#### AVAILABLE DATA
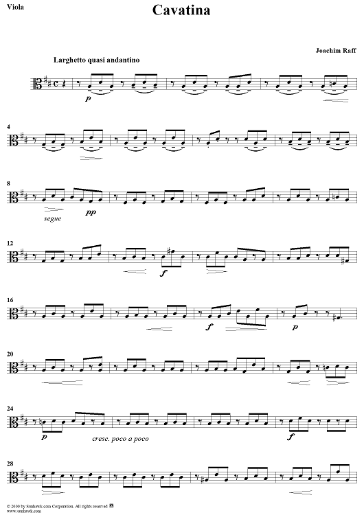 "Cavatina - Viola" Sheet Music by Joseph Raff
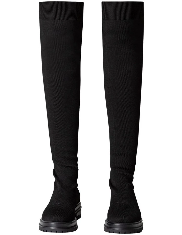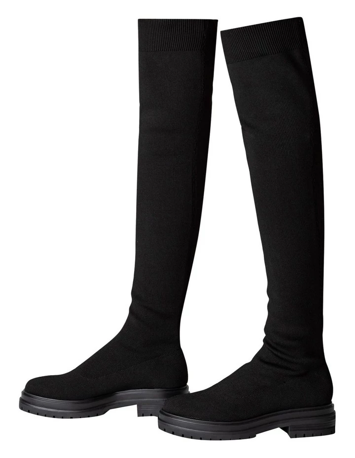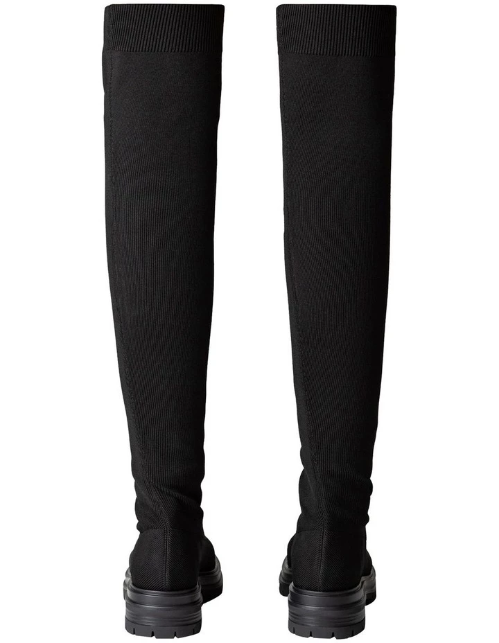 Cool by name and by nature, introducing <winter the over-the-knee sock boot you need this season. With a chunky platform lug sole, stretch sock upper and sleek silhouette, this design is the modern take on the classic black boot.</winter
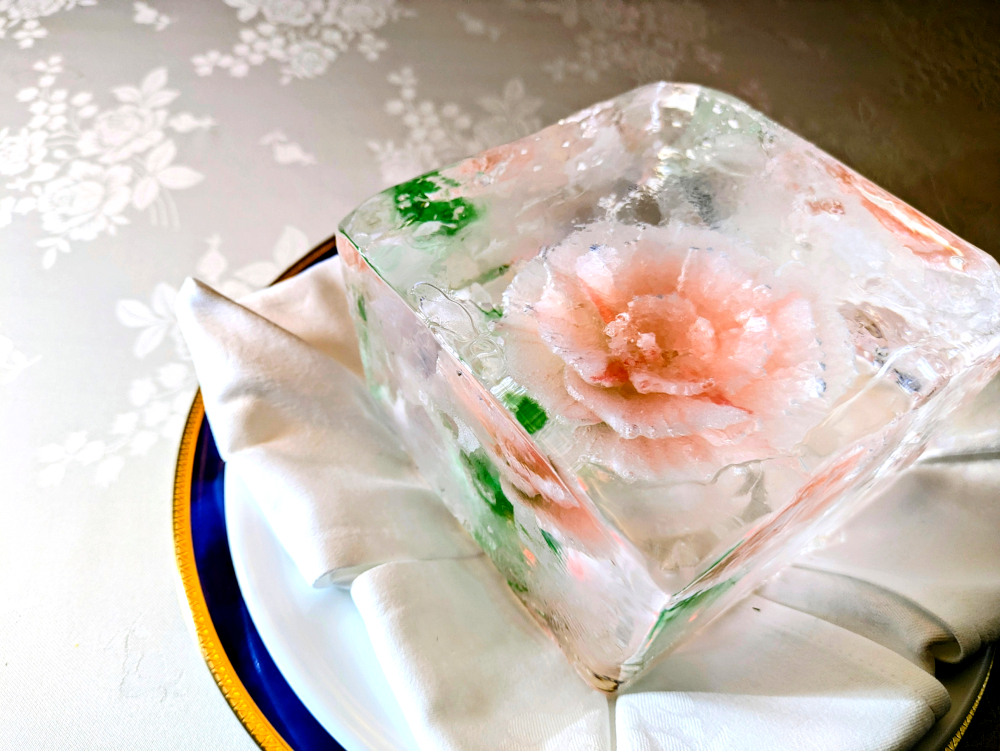 氷で作ったお花が記念日の演出を彩ります。フレンチのシェフが作る氷のお花は
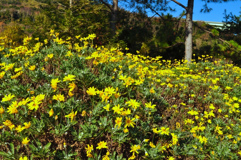 天壇テラス周辺 鮮やかな黄色のお花 ユリオプスデージー

#### DESCRIPTION OF THE TASK
Restrict the output to the lines from the one with "Cool by name" through the last line of the material above. Print them exactly, leaving out every picture.

#### FINISHED TASK
 Cool by name and by nature, introducing <winter the over-the-knee sock boot you need this season. With a chunky platform lug sole, stretch sock upper and sleek silhouette, this design is the modern take on the classic black boot.</winter
 氷で作ったお花が記念日の演出を彩ります。フレンチのシェフが作る氷のお花は
 天壇テラス周辺 鮮やかな黄色のお花 ユリオプスデージー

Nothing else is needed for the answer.